### What is being asked
From the first line of the entries down to the line with "品味濟南護城河的美,最妙的便是乘坐畫舫游船,聽潺潺泉韻,賞一水秋色。", write out every line exactly; that last line counts, but pictures do not.

Collected data entries
◇ ◇ ◇ ◇ ◇ ◇ ◇
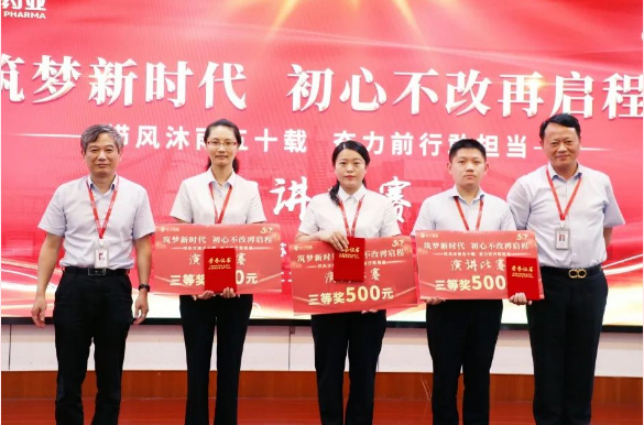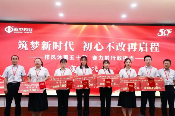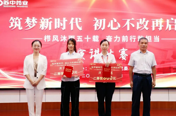 經(jīng)過激烈角逐,辦公室楊文娟演講的《是榮譽,更是責(zé)任》榮獲一等獎;蘇中生物沈雨娟演講的《蘇中印象》、人力資源管理部許丹演講的《五十年》榮獲二等獎;信息技術(shù)部景濤演講的《櫛風(fēng)沐雨五十載,奮力前行敢擔(dān)當(dāng)》、集團研究院種雅慧演講的《青春逢盛世,奮斗正當(dāng)時;熱愛有你,蘇中藥業(yè)有我》、人力資源管理部王虹演講的《我的蘇中緣》榮獲三等獎。
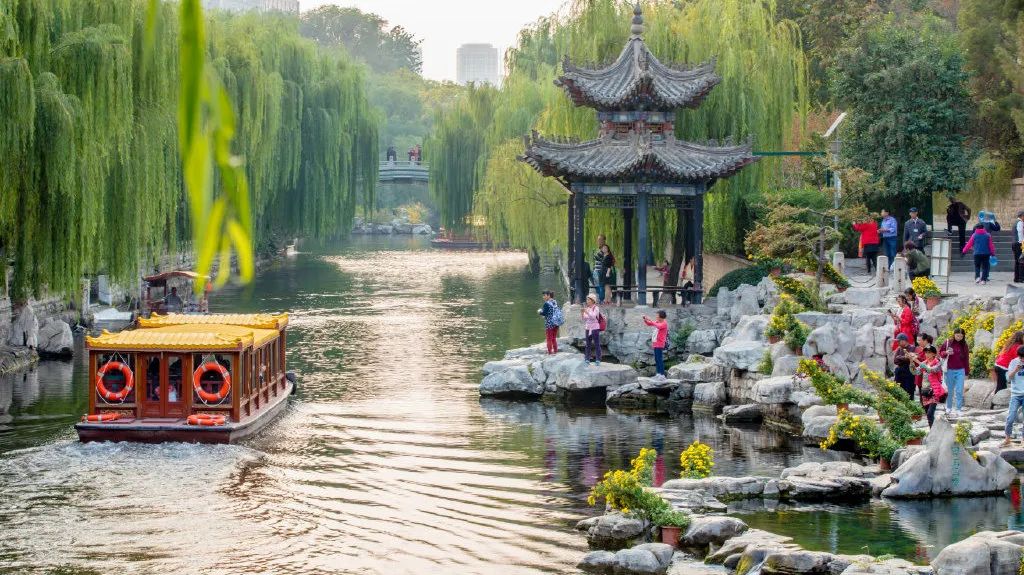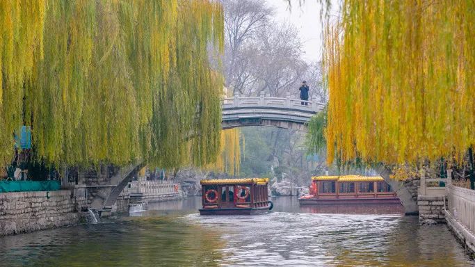 品味濟南護城河的美,最妙的便是乘坐畫舫游船,聽潺潺泉韻,賞一水秋色。
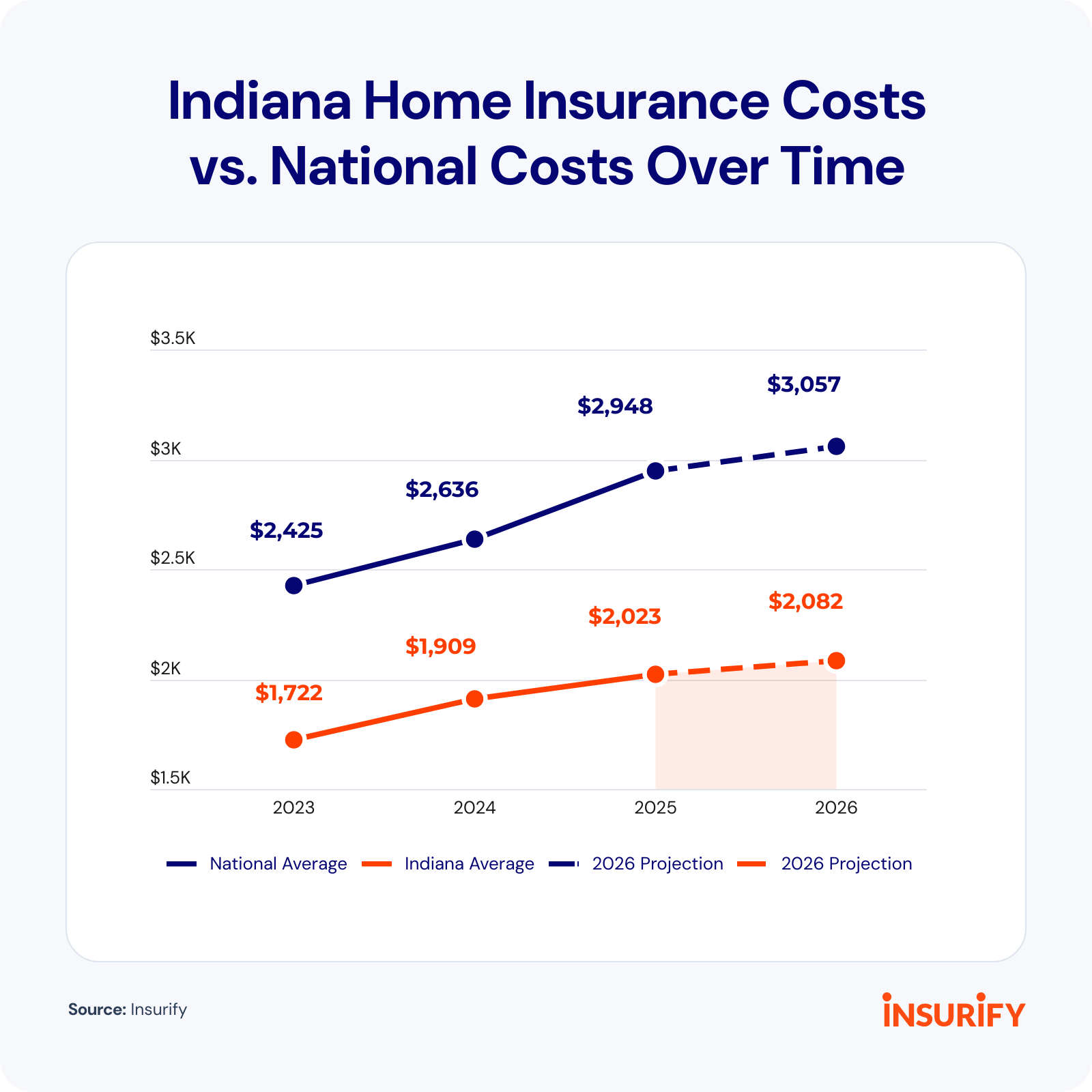 By the end of 2025, the average annual home insurance premium in Indiana was $2,023, according to Insurify’s 2026 Insuring the American Homeowner Report. That’s about 31% lower than the U.S. average of $2,948, but still 17.5% more than the 2023 state average, data shows.
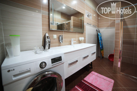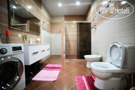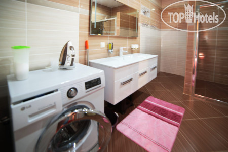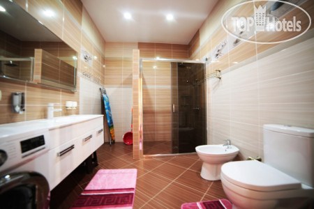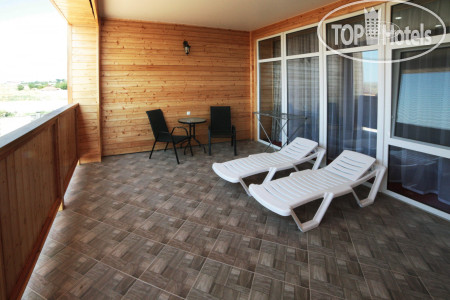 - Номера - мы брали номера Комфорт, поэтому говорю за них - 2 больших комнаты, в каждой кондиционер и телевизор, очень большой санузел - там огромная душевая кабина, раковина, унитаз, биде, стиральная машина, утюг, фен. У нас был номер со своей большой террасой с лежаками, столиком и стульями, плюс сушилка для белья. Все чистенько, уютно, претензий нет. Дают комплект полотенец для номера, большие полотенца для бассейна (на пляж и на процедуры их брать нельзя - имейте это ввиду), одно покрывало на семью для пляжа
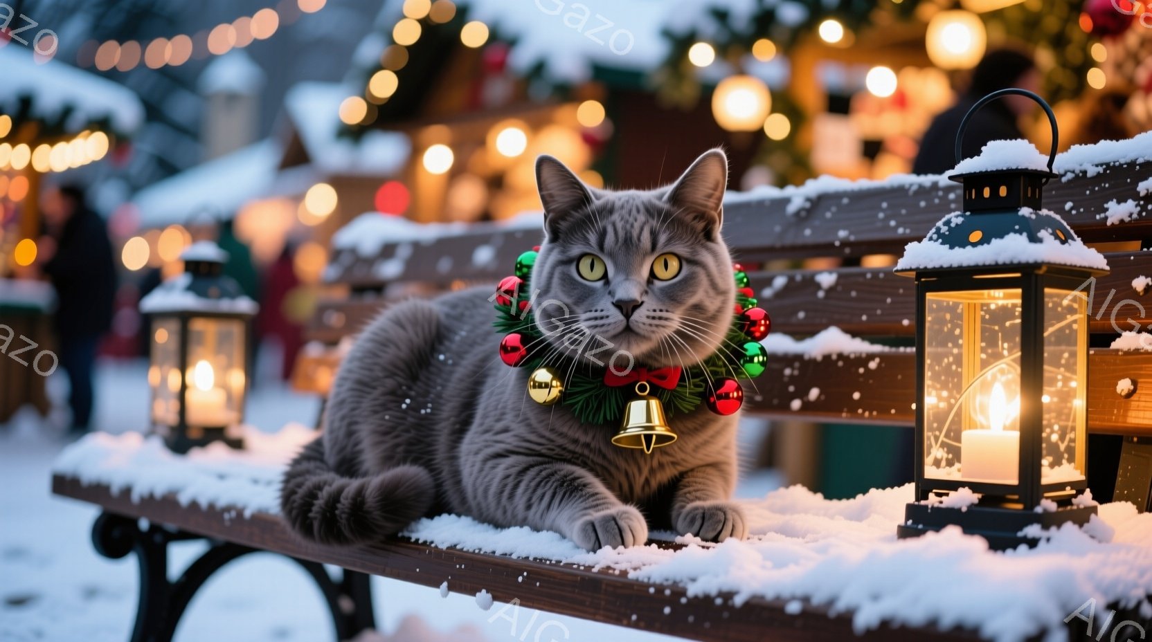 灰色の猫が雪で覆われたベンチに横たわっています。首にはクリスマス風の首輪がついており、その表情は穏やかでリラックスしています。背景には、ぼんやりとしたクリスマスマーケットの光が灯り、雪が舞う冬の夜の温かく幻想的な雰囲気を醸し出しています。
◇ ◇ ◇ ◇ ◇ ◇ ◇
### Written response
 經(jīng)過激烈角逐,辦公室楊文娟演講的《是榮譽,更是責(zé)任》榮獲一等獎;蘇中生物沈雨娟演講的《蘇中印象》、人力資源管理部許丹演講的《五十年》榮獲二等獎;信息技術(shù)部景濤演講的《櫛風(fēng)沐雨五十載,奮力前行敢擔(dān)當(dāng)》、集團研究院種雅慧演講的《青春逢盛世,奮斗正當(dāng)時;熱愛有你,蘇中藥業(yè)有我》、人力資源管理部王虹演講的《我的蘇中緣》榮獲三等獎。
 品味濟南護城河的美,最妙的便是乘坐畫舫游船,聽潺潺泉韻,賞一水秋色。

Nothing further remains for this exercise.